Insalubrité, cellules surchargées, caméras qui filment les détenus aux toilettes, les Inuits incarcérés au Québec subissent des conditions dignes du tiers monde, a dénoncé jeudi la Protectrice du citoyen, Raymonde St-Germain.

Dans un rapport dévastateur sur le système carcéral au Nunavik, Mme St-Germain dénonce non seulement les conditions de détention des Inuits, mais aussi l'indifférence du gouvernement du Québec face à cette situation qui perdure depuis des années.

En conférence de presse, Mme Saint-Germain a affirmé avoir visité plusieurs prisons en Afrique, et d'y avoir trouvé des conditions semblables à celles qui perdurent au Nunavik - au vu et au su du gouvernement.

«Le tiers monde, ce n'est pas si loin», a dénoncé la protectrice.

Dans certains établissements du Nord québécois, on entasse jusqu'à sept détenus dans une cellule de deux personnes. Les liens sont insalubres, l'accès à l'eau est limité. Les prisonniers sont filmés alors qu'ils vont aux toilettes, une violation flagrante de leur droit à la dignité, s'insurge Mme Saint-Germain.

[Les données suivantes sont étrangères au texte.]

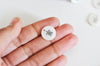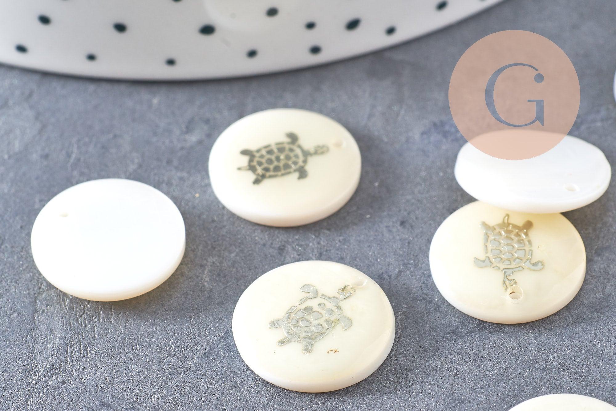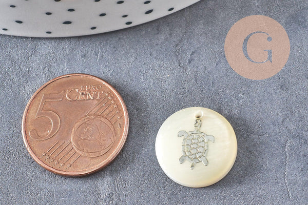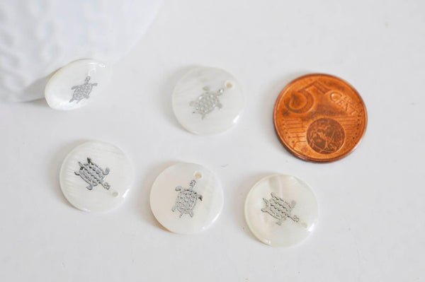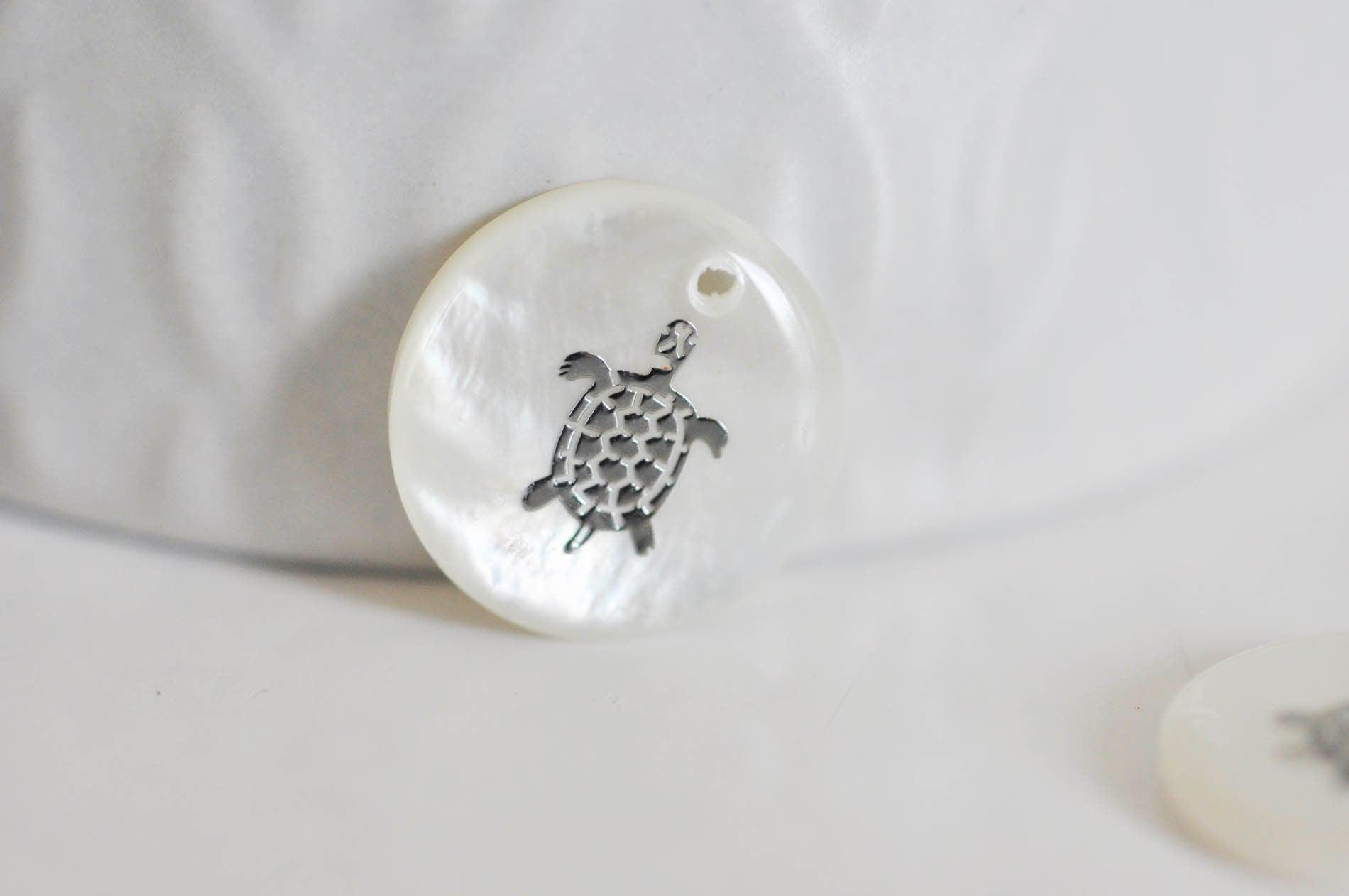 Colgante conector redondo de nácar blanco con motivo plateado de una tortuga 🐢.

Dans certains villages, les détenus sont confinés à leur cellule 24 heures sur 24, «une situation unique au Québec qui contrevient aux normes minimales», peut-on lire dans le rapport.

Mme Saint-Germain conclut que les Inuits sont traités différemment des autres Québécois dans le système carcéral. Une situation qui a été banalisée pendant des années par le gouvernement, qu'elle qualifie de «laxiste».

«On ne peut pas avoir différents niveaux de services publics, des services publics à deux vitesses selon là où sont les citoyens, selon leur éloignement, a-t-elle dénoncé. Il n'y a pas de commodité administrative qui justifie le manque de respect des citoyens et de leurs droits.»

Enquête élargie

Les constats des enquêteurs sur les conditions de détention des Inuits étaient si troublants que la protectrice a décidé d'élargir son enquête. Elle s'est donc penchée sur la prévention de la criminalité et l'administration de la Justice dans le Nord québécois.

Encore là, les constats sont troublants. Les ressources dédiées à la prévention de la criminalité - notamment le traitement de la toxicomanie et de l'alcoolisme - sont insuffisantes, dit Mme Saint-Germain.

Des accusés sont ballotés entre le Nord québécois et le Sud entre le moment de leur arrestation et leur procès. Un transport qui dure parfois des jours et qui allonge la durée d'incarcération préventive.

Les prévenus comprennent mal les accusations qui pèsent contre eux, puisque les actes d'accusation ne sont pas rédigés en Inuktitut.

Tout cela nuit aux efforts de réinsertion sociale, un phénomène qui vient à son tour alimenter les problèmes des prisons, dénonce Mme Saint-Germain.

Le ministre de la Sécurité publique, Martin Coiteux, a ignoré les questions sur le rapport de Mme Saint-Germain jeudi matin.